Discussion/General Information |
According to the Centers for Disease Control and Prevention (2024), cataracts are the leading cause of blindness and visual impairment, accounting for 50% of blindness representing 20.5 million (17.2%) Americans aged 40 and older. Approximately 6.1 million (5.1%) have undergone eye surgery for cataract removal.

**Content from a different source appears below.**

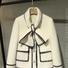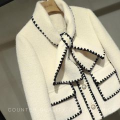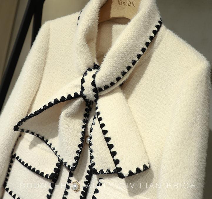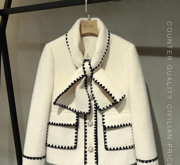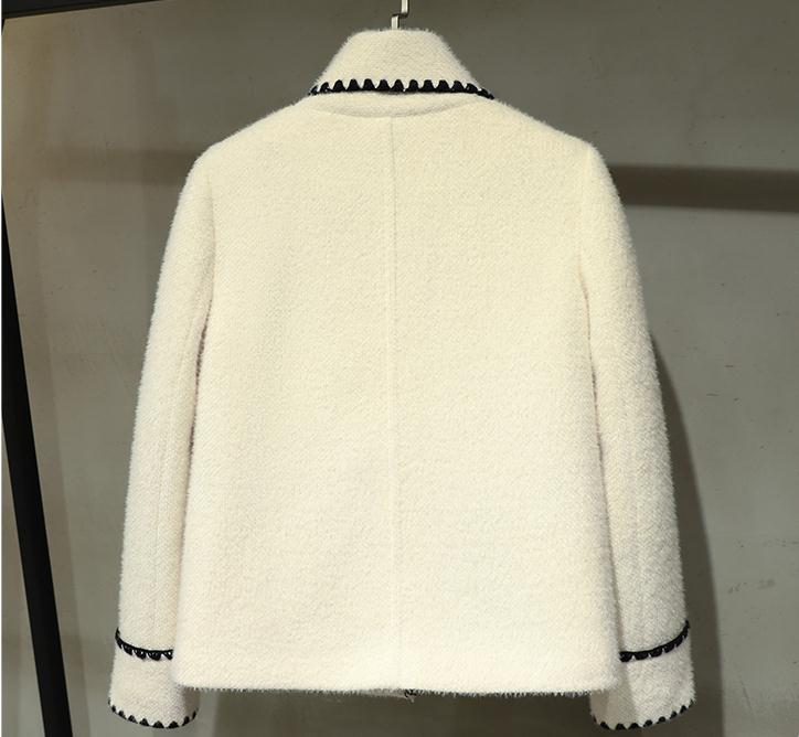 Miss DG白色小香名媛风毛呢外套女2020冬季仿貂绒短外套百搭洋气
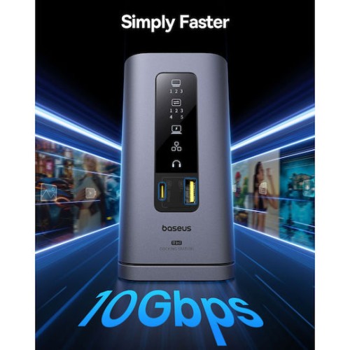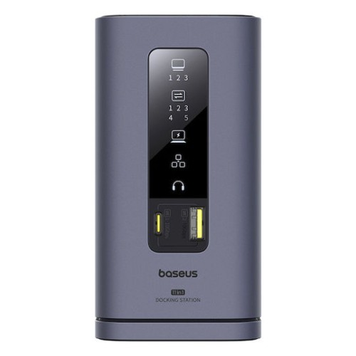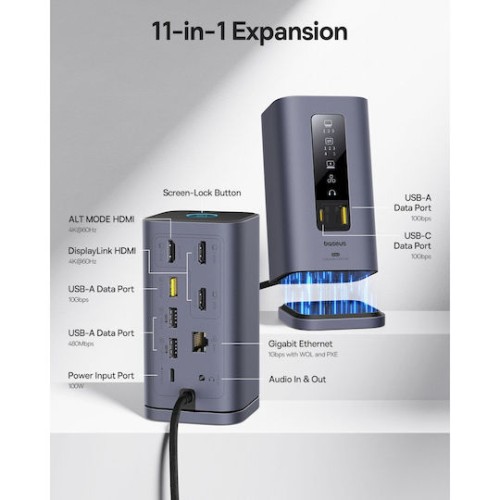 Το Baseus Spacemate Series 11-in-1 (MAC) είναι docking station με θύρα USB-C και δυνατότητα τριπλής επέκτασης οθόνης (μέσω 3 HDMI έως 4K@60Hz). Διαθέτει θύρες USB-A 3.2×2 και USB-C 3.2×1 (10 Gbps), USB-A 2.0×2 (480 Mbps), Ethernet 1 Gbps, audio 3.5 mm (96 kHz/24-bit) και PD φόρτιση έως 100 W. Υποστηρίζει Windows, macOS, Android και Chrome OS,

Clouding of the lens of the eye is common in older persons and rarely seen in newborn children. This condition is generally known as "cataracts," but more specifically as age-related cataracts (also known as senile cataracts) or when present in previously unaffected adults, and as "congenital cataracts" when present in newborn infants. Other secondary cataracts include drug-induced cataracts and traumatic cataracts. The only available treatment for cataracts at this time is surgical removal of the cataract and replacement of the affected lens with a prosthetic lens. A variety of risk factors have been associated with cataract development. The most common risk factors include diabetes mellitus (DM), long-term corticosteroid (topical, systemic, intravitreal, inhaled or oral) use and history of prior intraocular surgeries (AAO, 2016).
The American Academy of Ophthalmology (AAO) issued guidelines for the use of cataract surgery in the adult eye in 2016, which states:
Evaluation of Visual Impairment
There is no single test or measure that adequately describes the effect of a cataract on a patient’s visual status or function ability. Similarly, no single test can properly define the threshold for performing cataract surgery. The Snellen visual acuity chart is an excellent tool for testing distance refractive error (e.g., myopia, hyperopia, astigmatism) in healthy eyes, and it is widely used clinically. Poor preoperative visual acuity correlates with significant postoperative functional improvement in many patients with cataract. However, testing only at distance with high-contrast letters viewed in low ambient lighting conditions underestimates the functional problems in common real-life situations. For example, reading (especially in poor-contrast environments), daytime or nighttime glare conditions, halos and starburst at night, and impaired optical quality causing monocular diplopia and ghosting are all important indicators. Because preoperative distance visual acuity alone may be an unreliable predictor of postoperative functional improvement, the decision to recommend cataract surgery should not be made solely on the basis of Snellen visual acuity.
Studies have indicated that measures of functional visual impairment provide valid and reliable information that is not reflected in the measurement of visual acuity alone. For example, visual function status indices such as the Activities of Daily Vision Scale (ADVS) and the Visual Function Index (VF-14) have been shown to better correlate with functional visual improvement after cataract surgery than measurement of Snellen visual acuity.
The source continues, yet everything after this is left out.